In the comics community there has been a long and complicated debate on the exact terminology used to define the object of our interest. The terms 'comics', 'cartoons', 'graphic novels', 'graphic narratives' or 'sequential art' (famously adopted by Scott McCloud in Understanding Comics 1993) are sometimes used quite freely and interchangeably to refer to the same medium. However, sometimes they are also used to refer to very different formats (or even different genres) and can elicit very strong reactions in some people. Personally, I have never been a fan of strict definitions - which often tend to complicate interdisciplinary conversations - but as I start to discuss comics in a more theoretical framework I feel the need to justify the terminology I use.
On an ideological level, I often sympathise with a certain pride in using the word ‘comics’, in order to embrace the humble origins of the medium and to refuse to rebrand it (as 'graphic novel') to please a cultural elite. However, I can see how the association between 'comic' and 'funny' in the English language could be an issue, especially when dealing with subjects that are not funny at all (this is less problematic with the French bande desinée or the Italian fumetti). Also, as an author I often prefer to define myself as a 'cartoonist', simply because the term ‘comic artist’ always seemed cumbersome to me (or even pretentious). After all, if you write books you just call yourself a ‘writer’, not a ‘book artist’. Of course, a downside of the term ‘cartoons’ is that it is often meant as single panel cartoons or comic strips. When it comes to the length of the material I understand the need to draw some boundaries, and I should make clear that for the scope of this project I am interested in medium-long form stories. Not because I consider these superior, but simply because for the purpose of science communication I feel like it would be difficult to communicate complex ideas in less than 4 panels.

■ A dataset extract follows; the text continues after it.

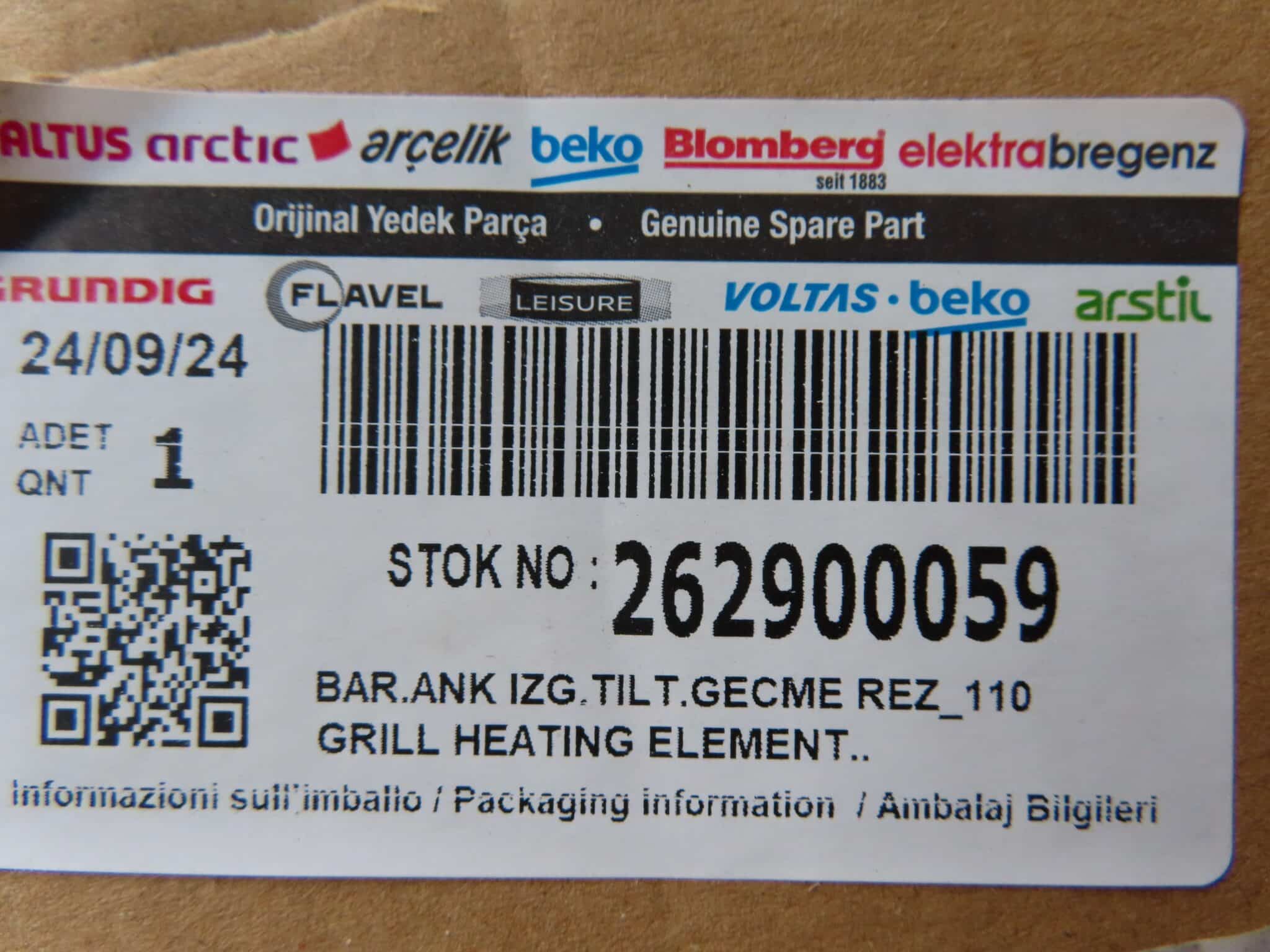 BEKO OVEN TOP GRILL HEATING ELEMENT 262900059

However, I like the ambiguity of ‘cartoons’ when it is applied to 'animations', which of course share many similarities with comics and are often associated in popular culture. This is why in my research I will often use the more technical term 'visual narratives', instead of ‘cartoons’ in order to include other formats such as animations, web comics, video games and similar formats, which are becoming increasingly intertwined in our culture.

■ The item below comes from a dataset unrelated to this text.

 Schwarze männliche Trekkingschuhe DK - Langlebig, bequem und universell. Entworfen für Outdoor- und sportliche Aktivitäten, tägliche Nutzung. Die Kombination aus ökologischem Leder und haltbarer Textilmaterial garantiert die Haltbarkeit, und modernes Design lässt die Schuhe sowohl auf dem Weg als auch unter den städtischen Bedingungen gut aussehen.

However, for the title of the page I decided to stick with 'cartoon' science. Not only because it seems more memorable, but also because I think ‘cartooning’ better summarizes the process of visual simplification which I consider the essential characteristic of comics (or whatever you want to call them). If I really had to choose a definition I would subscribe with the one given by Douglas Wolk in Reading Comics (2007), and best exemplified by authors like Chris Ware and Ivan Brunetti:
When I talk about “drawing” in this book, I usually mean a specific kind of drawing: cartooning. (Artists from the fine-art world who draw are much faster to make the distinction.) The difference is that drawing in the conventional sense is usually supposed to represent real-world beings and objects [...] Cartooning is a whole different game, It chief tools are story and symbolic abstraction; it usually begins and sometimes ends with contour and outline, and it relies on conventions that imply the progression of time. Cartoonists can draw characters who look only vaguely like actual people do, and backgrounds with only the faintest hints or real world complexity, and get away with it - often that’s the idea. The simplifications of cartooning are symbolic even more than they are retinal: there are universally accepted scribbles that stand in for what mouths and noses and motion and sweat look like.
I see a direct connection between this notion and the theories expressed by Lakoff and Johnson in Metaphors We Live By (1980). These authors suggested that metaphors are not simply a figure of speech but a fundamental way through which we understand the world, and I am very interested in exploring how comics - an intrinsically metaphoric medium - may enable us to map abstract scientific concepts onto human-relatable experiences.